For any company looking to expand, there will eventually come a day when the available office space is simply not large enough.


Splitting the company into more than one building is a possibility, while moving to larger premises is also an option.


Either way, selecting commercial property requires a lot of careful thought and consideration, as a wrong decision could potentially have very negative consequences.


For those moving in this regard for the first time, the task can be particularly daunting as relocation costs must be considered and managed.


Many leases mean that office space must be restored to its original condition, while new space may need to be fitted out – adding to potential capital expenditure.


However, some of these costs can be offset and some landlords may be accommodating to ensure that potential cash flow issues are not encountered. However, this will vary by individual and is by no means guaranteed.


In instances where a move encounters difficulty, seeking the advice of insolvency practitioners could limit the potential negative financial effects.


This could be of vital importance to ensuring that the company in question can keep trading in the long-term.

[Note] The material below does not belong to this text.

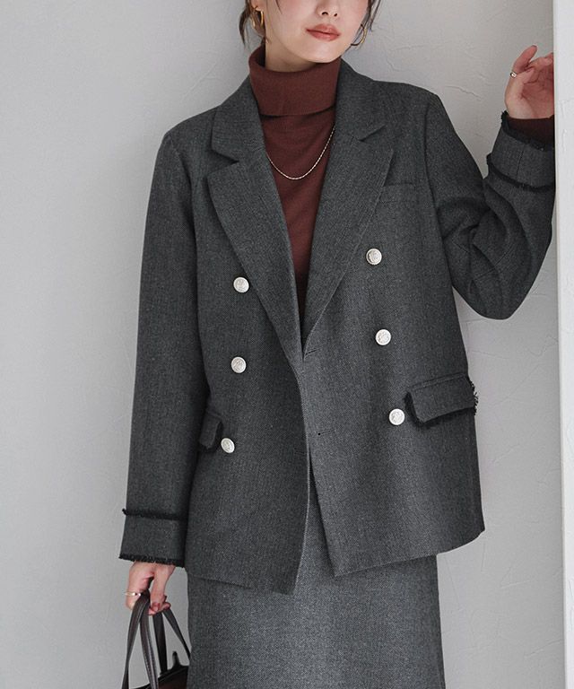 きちんと感のあるテーラードデザインと目を惹くボタン使いが上品さを演出する大人が似合う旬ジャケット。程よいサイズ感で着用しやすい一枚に仕上げました。ON/OFF着回しの効くアイテムでテイストを選ばず使いやすいです◎

Timing when to move can also make a big difference, as the process should certainly not be rushed – properties should be properly reviewed and checked ahead of a move.


Picking offices that are best suited to a company’s needs can ensure they are equipped with the essentials when the move takes place.

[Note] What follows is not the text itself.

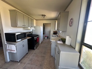 A 912 sq. ft. (Per the SCAD) single wide mobile home with 3 bedrooms, 2 bathrooms, and covered front porch. The second of two walk in coolers is located adjacent to this home.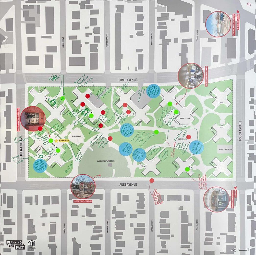 A major component of the PACT process involves gathering resident feedback on existing campus conditions and desired upgrades. This document includes a summary of priorities, ideas, challenges, and opportunities, as identified by residents, that should inform plans for improvements to Eastchester Gardens as facilitated by the PACT program. This feedback was solicited as a part of facilitated exercises and discussions designed to surface ideas and visions for the Eastchester campus, buildings, and homes.

Any issues relating to the existing lease should also be taken into account – some could require notice periods and no business wishes to pay for premises that it is not using.


Finally, any new offices should enable a company to attract and retain staff; the business does not stand to benefit if existing staff decide to leave as a result of the move.


Therefore, any potential move should be discussed at length with the existing workforce to ensure that the most important staff are not lost.


Properties near good transport links are also likely to attract staff and should be sought where possible as it could aid potential recruitment drives in the future.